Омелько схватился как ужаленный. «Байстрюк!.. Гм!..» Это для него было самое обидное слово из всех ругательных. Оно намекало на то стародавнее обстоятельство, что Омелько был рождён своей матерью ещё тогда, когда она была девицей. Увы! Это была правда. Такого же точно происхождения была и сестра его Оксана, и только после рождения Оксаны батько[4] его женился на Фёкле.

Что же, однако, он наделал? Солнце поднялось уже высоко. Перед ним расстилалась широкая, бесконечная нива с желтеющими корнями скошенного хлеба. Табун расползся по всей помещичьей ниве, кони хозяйничали в копнах поздней пшеницы, которую ещё не успели свезти. Да, действительно, он кое-что наделал. Но что же он мог поделать, когда глаза против его воли закрылись, и сладкий сон незаметно охватил его? Нужно же и ему, попыхачу, спать когда-нибудь! При том, ведь он не собака какая-нибудь, чтобы его толкали в бок каблуками, так что у него до сих пор печёнка болит. Наконец, чего это дядя Данило постоянно допекает его этим «проклятым байстрюком»?..

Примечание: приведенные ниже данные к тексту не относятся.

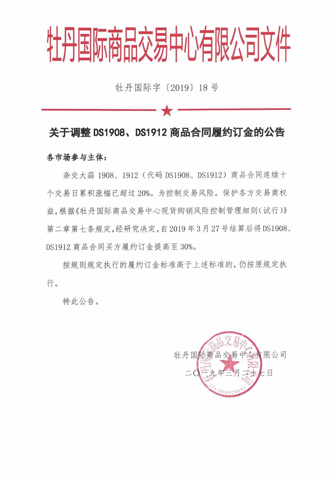 關于調(diào)整DS1908、DS1912商品合同履約訂金的公告

И Омельку вдруг обуяло упорство, да такое упорство, какое может обуять только кровного хохла и какого Омелько ещё никогда не испытывал. «Чёрт с ним, с его табуном, с его жалованьем, с сухарями, с селёдкой!» — решил он.

— Что ж ты молчишь и чухаешься? Не видишь, что ли? — приставал Данило, указывая на поляну, где хозяйничал табун.

— Вижу, — равнодушно отвечал Омелько.

— Ну чего ж стоишь? Бери батог!.. Живо!

— А ты не дерись и не ругайся! — промолвил Омелько вместо того, чтоб кинуться к батогу и бежать на поляну.

Дядя Данило опешил. А Омелько, которого теперь уже окончательно разобрало упорство, взял да и опустился на траву и преспокойно уселся. Данило до того изумился, что даже и не подумал вновь толкнуть его каблуком.

— Ну, ладно же! — промолвил он. — Я и сам загоню! Да только тебе несдобровать!

Он схватил кнут и пошёл самолично сгонять лошадей. А Омелько сидел на траве и вслед ему дерзко улыбался.

Его охватило такое приятное чувство, какого он ещё никогда в жизни не испытывал. Он с наслаждением смотрел на плоды своего неповиновения. Первый раз в жизни он «взял свою волю», и как это приятно, он и изъяснить не может. Вот лежит его котомка, а тут же рядом — палка. Кнут — помещичий, его придётся оставить, а жаль, он так любил ходить с кнутом и хлестать им в воздухе. Этот резкий звук веселит его сердце. В котомке ещё осталось десятка два сухарей. Что же? Больше, кажется, сидеть нечего. Жалованья ему следует там что-то около полтины, да наплевать, всё одно — не дадут. А вот что: нужно дождаться дяди Данилы и попрощаться с ним. Всё ж таки вместе целый год провели в поле. Жаль ему лошадей — он был большой любитель лошадей и знаток ихних немощей (едва ли даже сам дядя Данило сумел бы так искусно пустить кровь лошади как он!) Ну, да что! Бредихинский управляющий давно уже заманивает его к себе. Да только там уж он ни за что не наймётся в попыхачи, а прямо в табунщики. Хоть даром, за одни сухари, лишь бы быть табунщиком, лишь бы его воля была. А вот кстати и Данило подошёл.

— Прощайте, дядя Данило!

— А что? Уже мандровать[6] собрался? — насмешливо промолвил дядя Данило. — Значит, по батьку[4] пошёл. Тот весь век свой шляется, ни на одном месте не усидит!..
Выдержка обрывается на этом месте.